About them the pool lay deep and wide, but soon the two dracomen ahead led them into a narrow intestinal pipe corkscrewing through the rock. Twice they surfaced in travertine sumps, and on a third occasion a glare of light passing through the water ignited the sump with rainbow colours.
‘The autogun just ran out,’ one of the human Sparkind commented.
They waited, then suddenly the water itself surged upwards, forcing them towards the ceiling.
Now, thought Cormac, only Arach’s little present stands between them and us. He reckoned those Jain-constructed biomechs could move faster down here than he and his fellows, though they might have to burrow again if there had been intervening rock falls.

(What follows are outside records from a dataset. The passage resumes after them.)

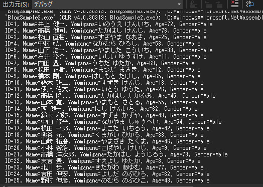 _user_list.Add(new UserClass() { ID = 2, Name = "高橋 健司", Yomigana = "たかはし けんじ", Age = 76, Gender = UserClass.ENM_GENDER.Male });
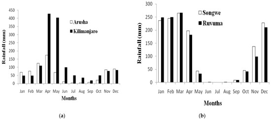 The study area was purposively selected based on the level of Arabica coffee production. It comprised of two major Arabica coffee growing zones: the Northern Highland zone (Kilimanjaro and Arusha regions) and Southern Highland zone (Songwe and Ruvuma regions) (Figure 1). In these zones, Arabica coffee production is exclusively rain-fed. The Northern Highlands zone is characterized by a bimodal rainfall pattern, while the Southern Highland zone experiences a uni-modal rainfall pattern. The bimodal rainfall is characterized by a long rainfall season (March–May) and short rainfall season (October–December), whereas the uni-modal type receives rainfall for seven months (November–May) (Figure 2).
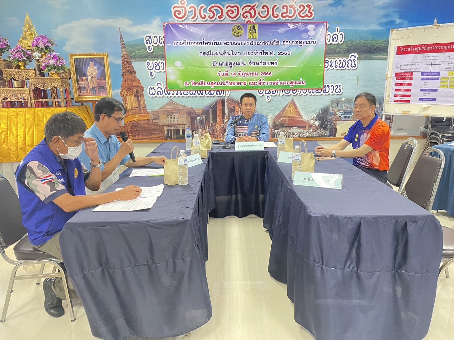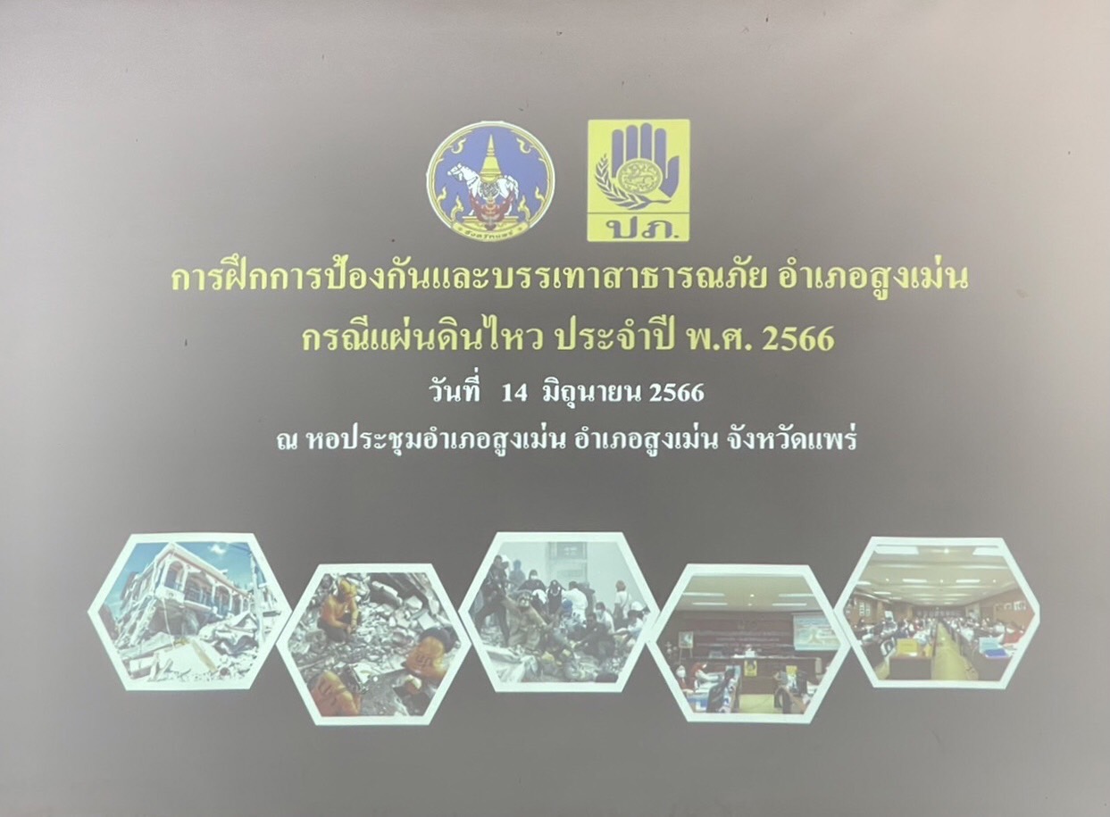 เมื่อวันพุธที่ 14 มิถุนายน พ.ศ. 2566 เวลา 09.00 น. นายนคร สายยืด นายอำเภอสูงเม่น จ.แพร่/ผู้บัญชาการเหตุการณ์อำเภอสูงเม่น ประธานในพิธีเปิดโครงการฝึกการป้องกันและบรรเทาสาธารณภัย กรณีแผ่นดินไหว ประจำปี พ.ศ. 2566 อำเภอสูงเม่น เพื่อจัดทำแผนเผชิญเหตุแผ่นดินไหว ในแต่ละระดับ ให้สอดคล้องกับคู่มือบัญชาการเหตุการณ์สำหรับผู้ว่าราชการจังหวัด กรณีแผ่นดินไหว และนำแผนการป้องกันและบรรเทาสาธารณภัยแห่งชาติ พ.ศ. 2564 – 2570 ไปสู่การปฏิบัติทุกระดับ ทดสอบประสิทธิภาพการปฏิบัติงานของเจ้าหน้าที่ตามแผนเผชิญเหตุฯ แต่ละระดับ ให้เกิดการบูรณาการทำงานร่วมกันกับทุกภาคส่วนที่เกี่ยวข้อง รวมทั้งสร้างความตระหนักและเตรียมความพร้อมภาคประชาชน ในการรับมือกับเหตุการณ์แผ่นดินไหว ในระดับจังหวัดและระดับอำเภอ โดยกรมป้องกันและบรรเทาสาธารณภัย

‘What explosives do we have remaining?’ he asked.
‘Grenades, eight planar mines and one more CTD,’ replied one of the Golem.
‘Let’s hope we won’t need the CTD,’ he said. ‘Position the mines where you deem appropriate—proximity detonation.’ He added unnecessarily, ‘Let’s keep moving,’ as the water level descended.
Within an hour they left the pipe and ascended a gently upward-sloping fissure. The temperature slowly began to rise, which indicated this cave system opened up somewhere to the surface. Then abruptly the upward slope ended against a wall of stone. Reaching this and directing his envirosuit light upwards, Cormac discerned another fissure climbing up into darkness.
‘How many mines left?’
‘Four.’
‘Okay, you Golem take the lead. Position two of the mines up in the fissure and when you reach a suitable point, run lines down.’
As the Golem headed rapidly up through the fissure Cormac turned to the others. ‘All of you, take a rest.’ He himself felt utterly drained, partly a result of the stimulants he had used while fighting through the jungle above. He did not want to use any more of them until it became absolutely necessary.
Lines snaked down to them twenty minutes later, just as a dull boom echoed through the cave system. The biomechanism must now have entered the underwater cave system. They hooked up their winders and ascended to where the Golem had secured themselves. The fissure here turned to follow an angle of thirty degrees from the horizontal still ascending.